» **What the task requires**
Make an exact copy, from the records below, of the lines from the line containing "The tassels of" to the line containing "4、两圈两铁入耳式耳机 FH5s/FH5s Pro(荣获VGP", both lines included, excluding pictures.

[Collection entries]
<<<<
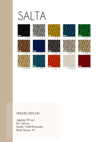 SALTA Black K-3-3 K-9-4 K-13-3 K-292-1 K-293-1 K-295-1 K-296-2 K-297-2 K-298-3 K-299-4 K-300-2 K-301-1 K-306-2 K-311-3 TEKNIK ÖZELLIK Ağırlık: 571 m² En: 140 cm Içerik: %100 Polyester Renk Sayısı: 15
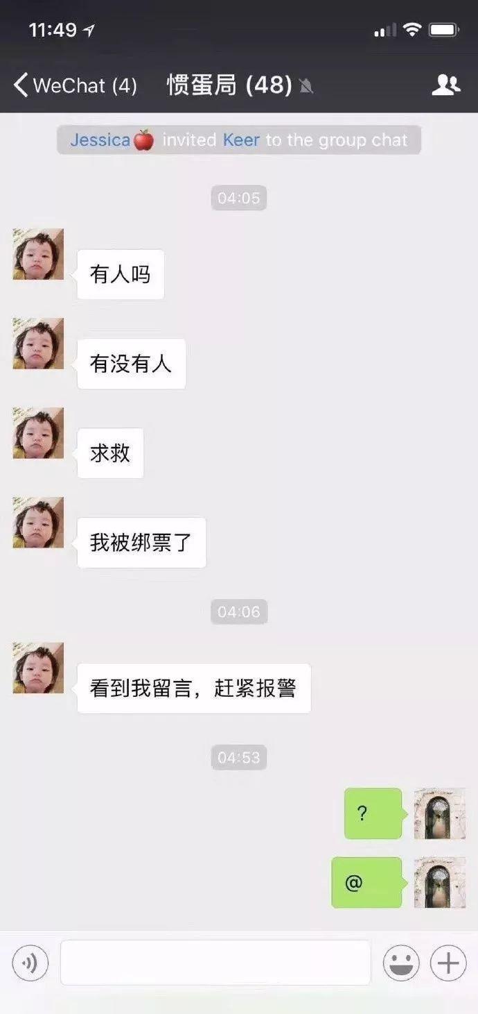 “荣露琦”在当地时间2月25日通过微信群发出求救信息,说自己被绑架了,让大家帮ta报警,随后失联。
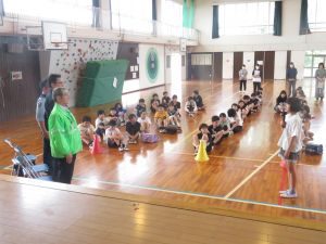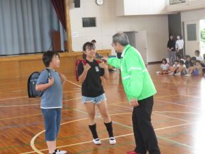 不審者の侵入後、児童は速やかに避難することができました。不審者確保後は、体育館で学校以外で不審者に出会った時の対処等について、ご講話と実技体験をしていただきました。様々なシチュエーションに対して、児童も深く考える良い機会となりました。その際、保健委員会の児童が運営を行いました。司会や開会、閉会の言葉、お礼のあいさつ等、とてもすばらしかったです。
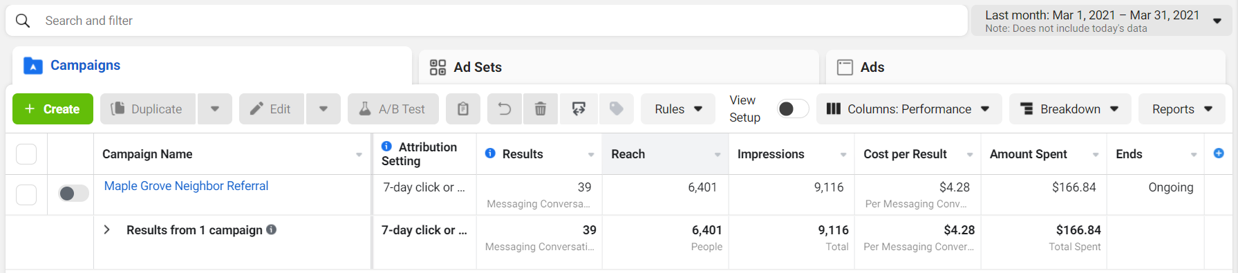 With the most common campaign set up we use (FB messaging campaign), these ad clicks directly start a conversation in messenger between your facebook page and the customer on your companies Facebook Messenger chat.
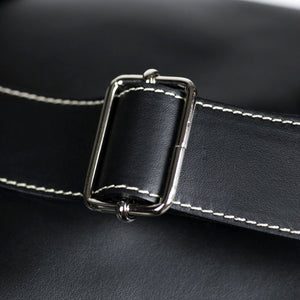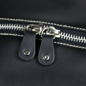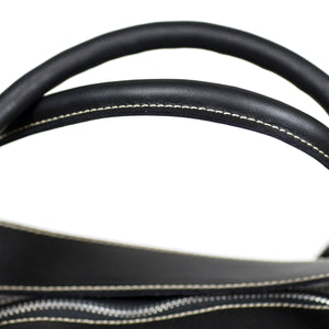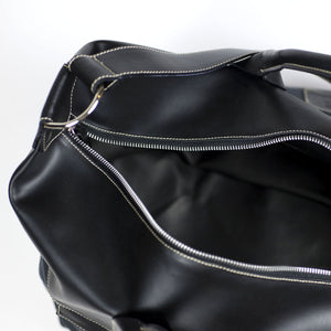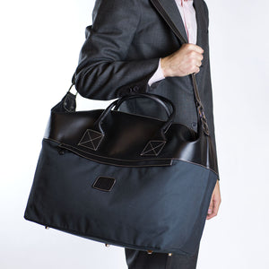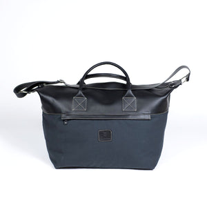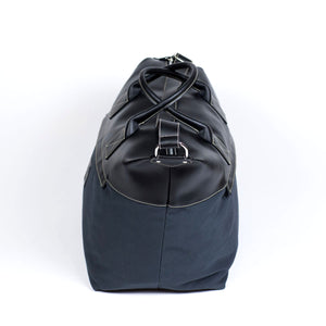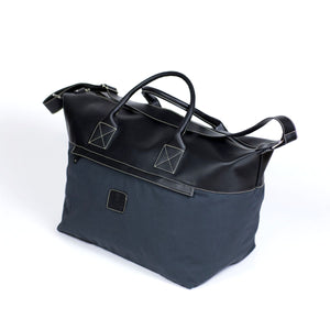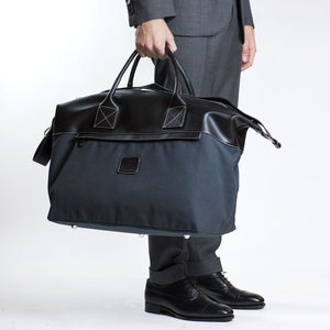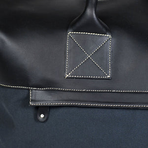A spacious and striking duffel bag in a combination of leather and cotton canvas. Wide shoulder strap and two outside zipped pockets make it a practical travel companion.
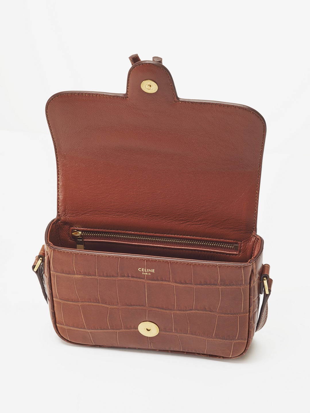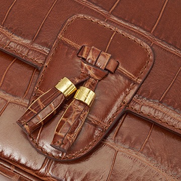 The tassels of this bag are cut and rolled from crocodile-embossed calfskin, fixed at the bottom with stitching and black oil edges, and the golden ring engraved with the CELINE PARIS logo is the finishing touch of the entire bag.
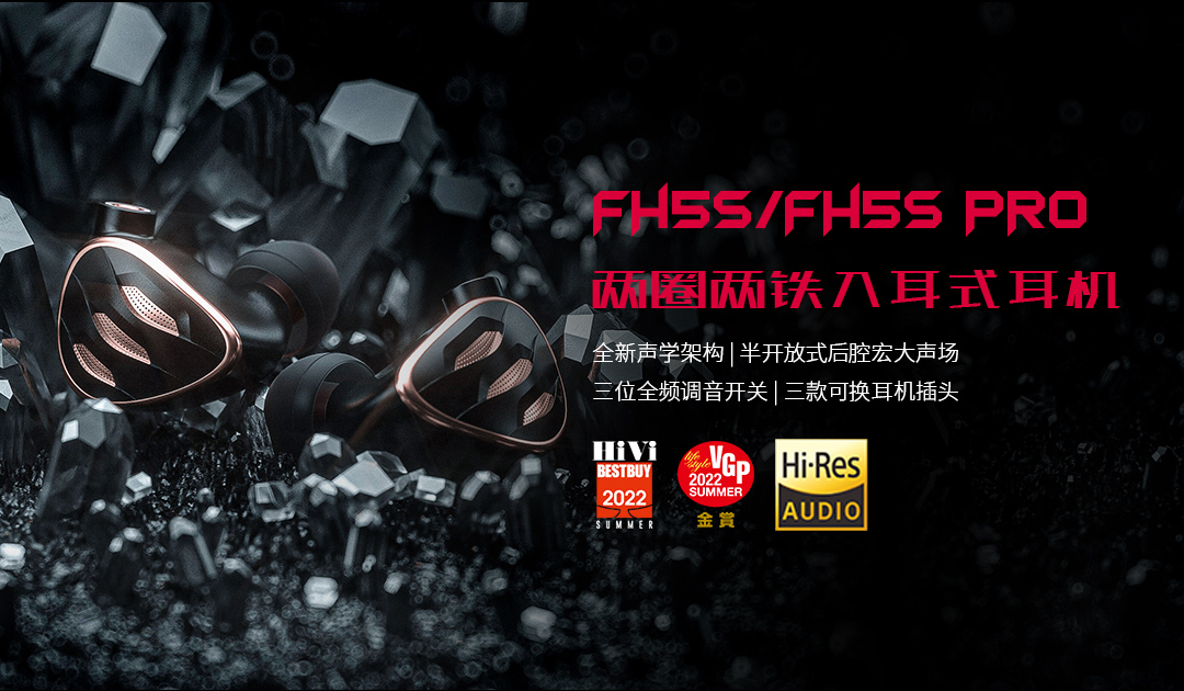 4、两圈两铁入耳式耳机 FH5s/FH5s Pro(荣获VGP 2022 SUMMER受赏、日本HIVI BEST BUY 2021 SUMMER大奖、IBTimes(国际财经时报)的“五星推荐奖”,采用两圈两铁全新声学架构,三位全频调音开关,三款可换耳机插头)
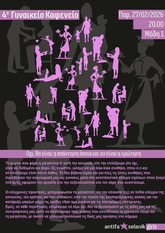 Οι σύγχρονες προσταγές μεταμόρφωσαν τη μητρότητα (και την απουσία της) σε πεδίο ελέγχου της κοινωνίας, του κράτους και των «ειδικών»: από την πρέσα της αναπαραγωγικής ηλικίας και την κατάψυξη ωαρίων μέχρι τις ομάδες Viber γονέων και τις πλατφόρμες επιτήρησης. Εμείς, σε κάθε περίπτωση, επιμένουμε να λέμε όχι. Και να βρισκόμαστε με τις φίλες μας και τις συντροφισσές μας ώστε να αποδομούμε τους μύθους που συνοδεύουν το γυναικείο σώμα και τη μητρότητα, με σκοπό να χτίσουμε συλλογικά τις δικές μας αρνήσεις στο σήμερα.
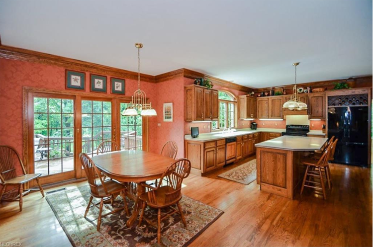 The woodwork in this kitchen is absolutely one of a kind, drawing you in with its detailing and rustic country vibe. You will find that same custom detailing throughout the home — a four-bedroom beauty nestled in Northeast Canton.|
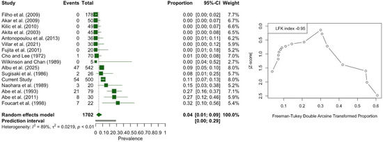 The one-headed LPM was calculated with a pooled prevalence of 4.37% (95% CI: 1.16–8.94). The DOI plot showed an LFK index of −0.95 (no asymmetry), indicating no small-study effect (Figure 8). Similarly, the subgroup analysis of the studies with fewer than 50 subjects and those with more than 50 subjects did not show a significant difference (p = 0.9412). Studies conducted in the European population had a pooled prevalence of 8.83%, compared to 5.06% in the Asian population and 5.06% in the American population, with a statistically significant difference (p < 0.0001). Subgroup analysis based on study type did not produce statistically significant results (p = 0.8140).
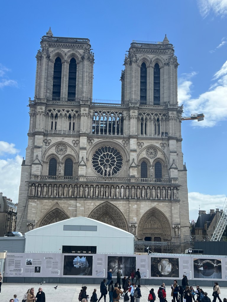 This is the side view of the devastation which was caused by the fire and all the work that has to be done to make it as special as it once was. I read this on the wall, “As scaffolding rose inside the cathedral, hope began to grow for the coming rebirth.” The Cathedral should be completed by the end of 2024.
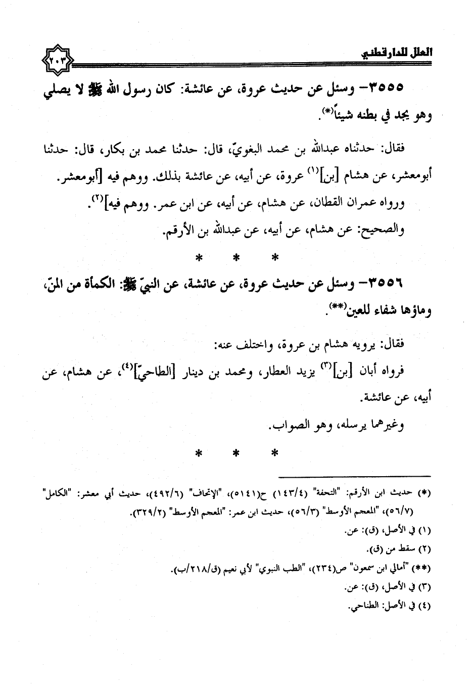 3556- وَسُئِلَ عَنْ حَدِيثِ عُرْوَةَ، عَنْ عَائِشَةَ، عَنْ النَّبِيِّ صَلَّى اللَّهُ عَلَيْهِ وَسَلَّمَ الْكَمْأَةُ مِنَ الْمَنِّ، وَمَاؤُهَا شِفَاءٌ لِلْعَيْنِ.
>>>>
» **Response to this task**
 The tassels of this bag are cut and rolled from crocodile-embossed calfskin, fixed at the bottom with stitching and black oil edges, and the golden ring engraved with the CELINE PARIS logo is the finishing touch of the entire bag.
 4、两圈两铁入耳式耳机 FH5s/FH5s Pro(荣获VGP 2022 SUMMER受赏、日本HIVI BEST BUY 2021 SUMMER大奖、IBTimes(国际财经时报)的“五星推荐奖”,采用两圈两铁全新声学架构,三位全频调音开关,三款可换耳机插头)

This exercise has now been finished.